Entries shown Block Start

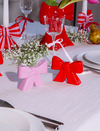 Ceramic salt and pepper shakers shaped as bows, taking inspiration from the ethereal ballet world and the whimsical allure of coquetry.
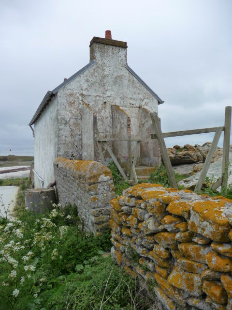 Vestiges des anciennes toilettes des guetteurs-sémaphoriques, pignon sud de la maison et muret, Penfret, juin 2014Immatriculation
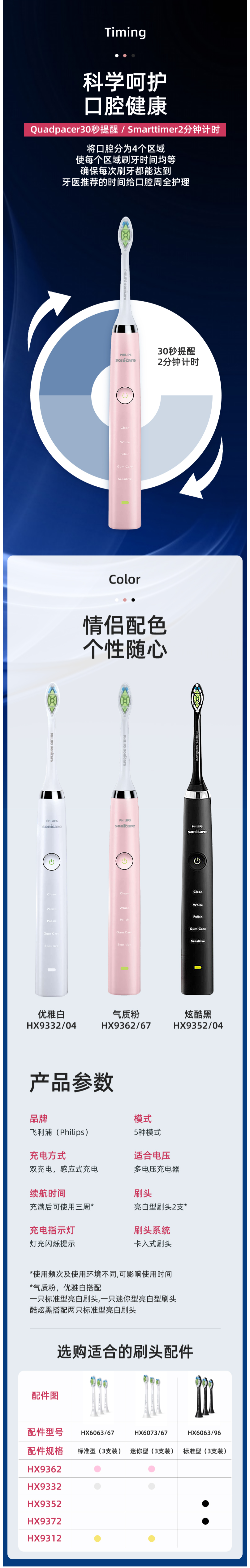 飞利浦钻石亮白电动牙刷的功能与配置:
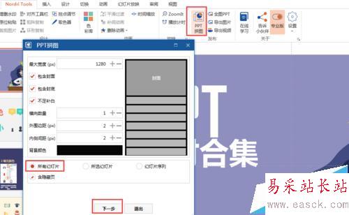 2、安裝好插件后重啟PPT,會發現在菜單欄中出現了這個插件,點擊它,會看到有一個PPT拼圖的選項,選中它,按照步驟操作即可將所有PPT導出成為一張圖。
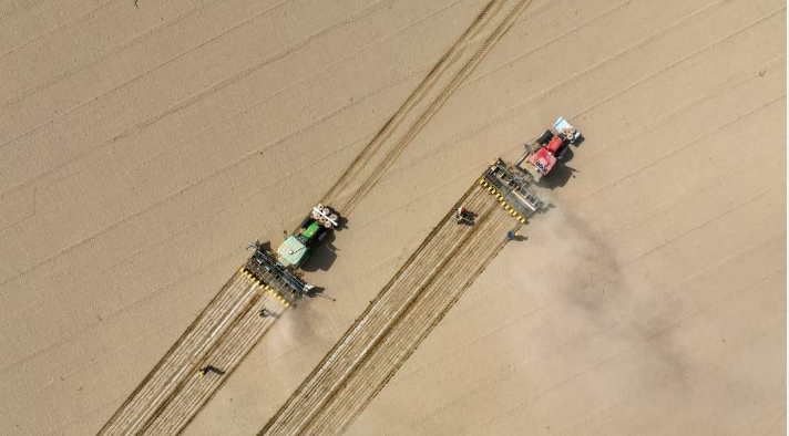 4月10日,在新疆维吾尔自治区巴音郭楞蒙古自治州博湖县博斯腾湖乡库代力克村,拖拉机在田野中播种棉花。
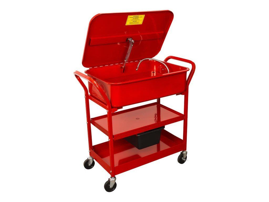 Profesionální mycí stůl s objemem 75 l, čerpadlem o průtoku 12 l/min, odkládací plochou a tryskou na ohebném krčku.

Entries shown Block End

▸ **Problem description**: Write out all the entries word for word, but skip any images.

▸ **Problem solution**:
 Ceramic salt and pepper shakers shaped as bows, taking inspiration from the ethereal ballet world and the whimsical allure of coquetry.
 Vestiges des anciennes toilettes des guetteurs-sémaphoriques, pignon sud de la maison et muret, Penfret, juin 2014Immatriculation
 飞利浦钻石亮白电动牙刷的功能与配置:
 2、安裝好插件后重啟PPT,會發現在菜單欄中出現了這個插件,點擊它,會看到有一個PPT拼圖的選項,選中它,按照步驟操作即可將所有PPT導出成為一張圖。
 4月10日,在新疆维吾尔自治区巴音郭楞蒙古自治州博湖县博斯腾湖乡库代力克村,拖拉机在田野中播种棉花。
 Profesionální mycí stůl s objemem 75 l, čerpadlem o průtoku 12 l/min, odkládací plochou a tryskou na ohebném krčku.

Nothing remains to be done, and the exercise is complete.